Сангвиний. Великий ангел (ЛП)
— Моя коллега, Джудита, — сказала я. — Я думаю, она боготворит вас.
— Меня боготворили всю мою жизнь. И мне будут поклоняться и в будущем.
— Что вы об этом думаете?
— Мой отец — самое могущественное существо, которое я когда-либо встречал. Его способности дают ему право считать себя богом по большинству критериев, которые мне приходят на ум, и все же он всегда противился этому. Если он сопротивляется, то я вряд ли смогу поступить иначе.

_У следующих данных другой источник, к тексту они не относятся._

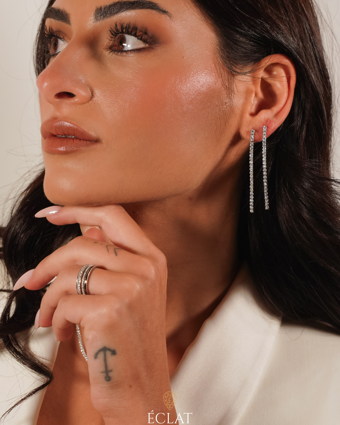 - Orecchini pendenti modello tennis in argento 925 placcato oro rosa o argento rodiato con zirconi bianchi, un connubio perfetto tra eleganza e look raffinato, un look non passare in osservato, perfetto per occasione importanti e per essere indossato con abiti eleganti.
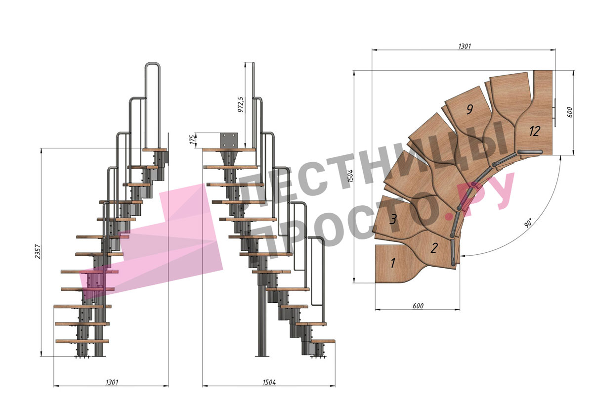 | Лестница Prosto Urban White гусиный шаг 600 мм, h234-336 см (13 ступеней), бук |
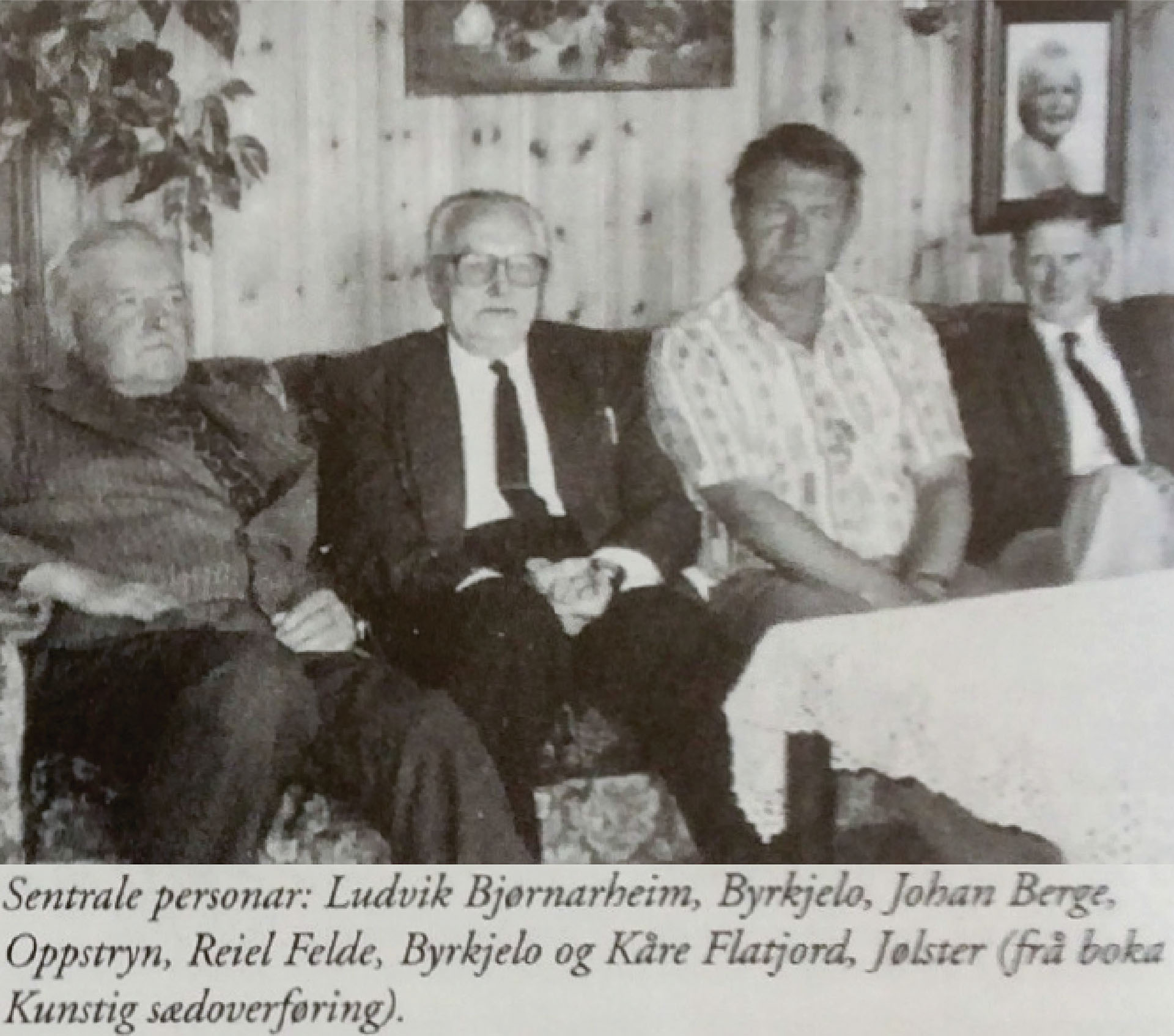 Sentrale personar: Ludvik Bjørnarheim, Byrkjelo, Johan Berge, Oppstryn, Reiel Felde, Byrkjelo og Kåre Flatjord, Jølster (frå boka Kunstig sædoverføring).
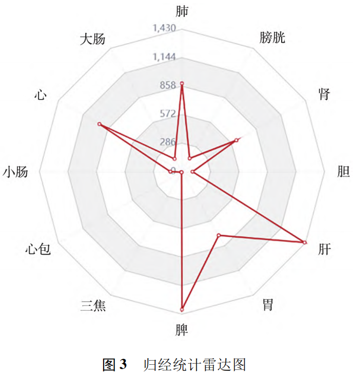归经中归肺经885次、大肠经148次、心经956次、小肠经116次、心包经9次、三焦经7次、脾经1383次、胃经738次、肝经1421次、胆经106次、肾经630次、膀胱经154次,以肝、脾、心经为主;
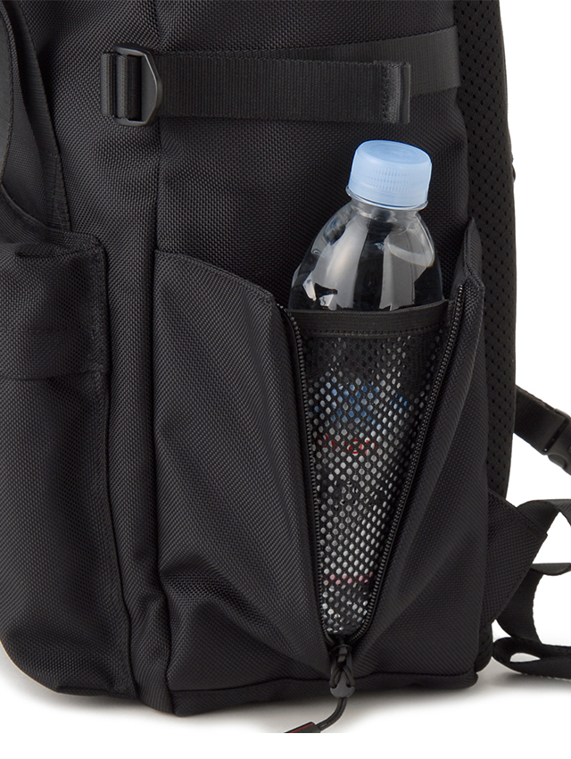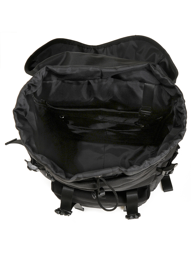 本格アウトドアスペックのトップローディングタイプ。ファッション性も兼ね備えた2本のストラップデザインがアーバンライクで印象的。上部からは雨蓋+雨などの侵入を防ぐ巾着開閉と、デイリーユースでストレスの無いよう背面サイドからファスナー開閉で直接メインコンパートメントにアクセス可能。外側は雨蓋下にファスナーポケットがあり大切な小物の収納に、下部にはマチ付きのファスナーポケットがあり使用頻度の高い小物類の収納に活躍します。メインコンパートメントはノートPCや雑誌、ポーチやタンブラーなどが余裕をもって整理し収納可。 不用意に下がり開きにくいファスナー調整機能の付いた両サイドポケットもペットボトル収納などスマートに活躍します。

— Но это не вызывает у вас недовольства?
— Это чушь. Все это. Поверь мне, что когда я говорю, что я верю в Имперскую Истину, то эти искреннее.
Это происходило снова. Как и во время нашего первого разговора страх ослабевал, воспоминания об ужасе быстро исчезали, и мне хотелось оттолкнуть, заглянуть чуть глубже.
— Я не думаю, что вы так считаете, — произнес я. — То, как вы говорите о том, кто вы есть. Вы видите будущее, не так ли? Вы сражаетесь так, что это невозможно. Действуете так, как никто другой. Вы видите события до того, как они происходят.
— И ты тоже. Ты не спишь. Ты мечтаешь. Ты мечтаешь так много, что барьер между реальным миром и воображением истончается, и это отражается на твоей работе. Таким образом, ты чувствуешь нашу собственную истинную сущность, даже когда мы никогда не говорим об этом. Даже когда тебе от этого плохо. — Он огляделся вокруг, посмотрев на свое окружение с выражением, похожим на отвращение. — Мы становимся чем-то большим, чем это. Наш вид. Ларец чудес, не имеющий аналога. Галактика должна быть очищено от опасности, прежде чем эти дары могут быть использованы, и в этом цель крестового похода. Альтернатива — повторение ужасов прошлого.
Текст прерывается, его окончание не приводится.